Jack Vettriano Paints Umbrellas
The Freedom of Information Act has established that Vettriano, Scotland's most commercially successful artist, has been excluded from the National Galleries not because of snobbery, nor because of his immense popularity. No, Jack Hogan, as his mother knew him, has been ignored because curators believe he isn't very good.
Vettriano himself has railed against these "snobby academics", believing they exclude him because he paints frankly heterosexual art. I'm dismayed after all this time to learn that they actually believe Vettriano is technically unskilled as a painter and that his handling of paint is often dull. Jack seemingly is also an indifferent painter who bases his success on cheap commercial reproductions. I always believed he was awful because he painted umbrellas.

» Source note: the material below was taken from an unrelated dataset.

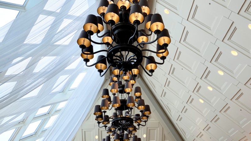 暖色系のライトだけでもテープライトや電球、スポットライト、シャンデリアなど、たくさんの種類の照明が装飾に使われていました。

Yes, our original modern artists painted umbrellas in the late nineteenth century, and their Japanese friends and forerunners painted them earlier, but that doesn't excuse their depiction in the late twentieth century, or the unthinkable twenty-first century. Umbrellas are not top shelf heterosexual, blatant or obvious.
Don't get me wrong; I think umbrellas are great. Every artist should have one, and be a man and use one, even if you're a woman. But they are not for painting. To walk under one, to carry one, to use one as a walking stick, well that is to live the artist's life. But to paint one, that is to cop out. That's where Jack joined Beryl Cook and Rolf Harris. Let the people get wet, I say. Let them get burnt. Put down those umbrellas! C'mon now.
I once worked in the same office as a girl who was stunning. Tall, skinny, - too skinny - with long, long hair, and almost elegant. Thing is, she always walked as if she was holding an umbrella. She held her head perfectly at an angle so that she could see out from underneath her non-existent umbrella, whilst staying dry. Indoors this is. When I saw her approaching the water cooler I so wanted to run up to her, put my arm around her, and make her complete by placing an umbrella in her hand. But I didn't; instead I stared and wondered how her long, long, straggly hair always had the appearance of being very wet.